Tuesday 29 December 2015

the puzzle of the sickly broom

I am not sure whether the Mount Etna broom in the front garden is alive or not.  As an experienced gardener I feel I ought to be able to tell, but bits of it are green, and bits are not, and whether it is on its way out or just resting for the winter is a puzzle.

I've been worried about the broom since the exceptional storm just over two years ago.  The whole shrub was left slightly tilted by the force of the wind, and I feared that this did not bode well, since members of the pea family notoriously don't like having their roots disturbed.
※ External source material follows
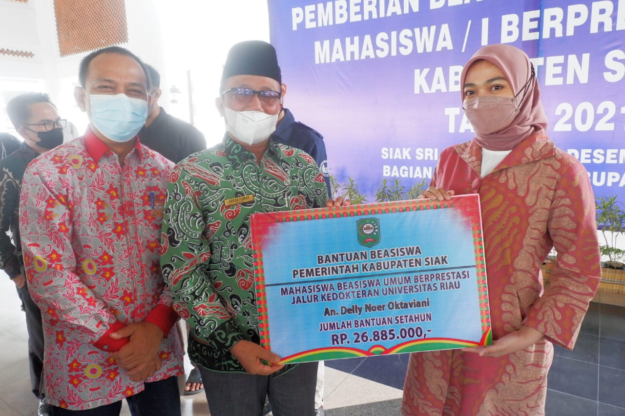 Program beasiswa mahasiswa berpestasi tersebut merupakan komitmen Pemerintah Kabupaten (Pemkab) Siak dalam mewujudkan Sumber Daya Manusia (SDM) masyarakat Kabupaten Siak yang berkualitas di masa mendatang.

A Buddleia 'Black Knight' in the back garden was blown clean out of the ground by a really bad storm in 2002, a year after it was planted, and after I'd planted a replacement the first one regenerated from the roots so we now have two, but I did not think the broom was going to be similarly resilient.

Come the spring it came back into leaf, however, and flowered, and did the same last summer, although leaning further and further across the pond.  I pruned off some of the downhill branches last year and some more this, trying to restore some balance and make it more upright.  I've been trying to thin out the number of branches since it was a baby anyway, since while the Genista aetnensis in the gravel garden round at Beth Chatto's have made nice, smallish trees, our broom has always been infuriatingly multi-stemmed and bushy.

The distinction between leaves and twigs in a Mount Etna broom is not clear to the naked eye at the best of times.  The leaves are so narrow they look almost like twigs, while the young stems are green.  As autumn came this year and the broom shed its load of leaves into the gravel, I didn't like the way some of the twigs had turned brown.  When I flexed them experimentally between my fingers they snapped, for they were dead and tinder dry.

Peripheral dieback in a shrubby plant is rarely a good sign.  For a tree or shrub to discard the oldest branches, those low down or buried deep within the crown that don't get much light, is pretty normal, but when the most recent, freshest growth that's getting plenty of light goes and dies on you that rings alarm bells.  Particularly in the case of the broom, because its roots were rocked so badly by the wind a couple of years previously.  On the other hand, the branches at the base are still green and sappy.  I know this because I sawed two more off that were hanging right down over the pond, rather expecting it to be the beginning of a major clearance session with bow saw and pick axe, and was halted in my tracks by clear evidence of life.

The best I can do is to leave it until spring and see if it surprises me for a third time by coming back into leaf, or whether by then the main stems are as dead as the twigs.  All is not lost if the broom does die, since it has left a number of progeny seeded into the gravel.  The largest is up to the three foot mark, and the smallest still only six inches tall, all of them a bright, dark green and unambiguously alive.  In a few years I'd have a little grove of Genista aetnensis.  I had thought about potting them up when they were very small, but left it because I knew they disliked root disturbance and now I'm glad I didn't.

There is also the complication of the self seeded rose, which had just begun to get going growing up into the broom and was showing me how it ought to be done when ramblers are left to choose their own spot.  It is almost evergreen, with white flowers and extremely healthy foliage.  I didn't intend to have a rambling rose in the middle of the front garden, and am slightly nervous about how large this one might grow, but after an early and unsuccessful attempt to dig it out I haven't tried again because I am so impressed that any rose will grow that well in sand that hasn't seen any organic mulch for a decade that I haven't liked to destroy it.  Its roots are neatly tucked in close to the original broom and its branches are naturally following those of its host, quite unlike my struggle to persuade 'Paul's Himalayan Must' that it wants to go up the wild cherry in the back garden.  Persuading the rose in the gravel to transfer its affections to a new host, and keeping it in check while the seedling brooms got large enough to support a climber, feels as though it could be a long project.